### What is required
Without the pictures, repeat all of the data exactly as it appears below.

### Source data
╔══

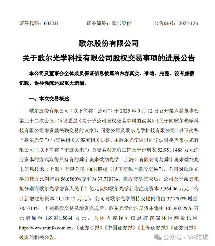 近日,歌尔股份发布了一份《关于歌尔光学科技有限公司股权交易事项的进展公告》。文件中提到,企业此前披露的转让附属公司全部股权以换取歌尔光学科技有限公司(简称“歌尔光学”)股权及进一步认购歌尔光学股权两项交易已正式完成。
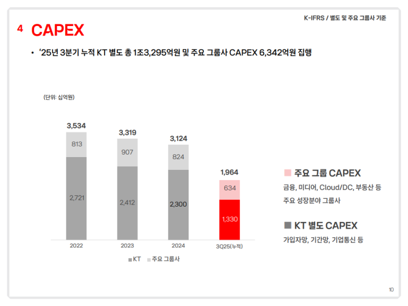 • KT 별도 기준 투자 지출은 1조 3,295억 원
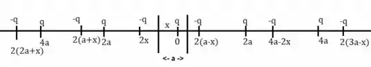 Primeiramente iremos colocar a origem no local da carga e, em seguida, examinando as primeiras cargas vemos que as cargas positivas estão situadas em:

╚══

### Answer for the task
 近日,歌尔股份发布了一份《关于歌尔光学科技有限公司股权交易事项的进展公告》。文件中提到,企业此前披露的转让附属公司全部股权以换取歌尔光学科技有限公司(简称“歌尔光学”)股权及进一步认购歌尔光学股权两项交易已正式完成。
 • KT 별도 기준 투자 지출은 1조 3,295억 원
 Primeiramente iremos colocar a origem no local da carga e, em seguida, examinando as primeiras cargas vemos que as cargas positivas estão situadas em:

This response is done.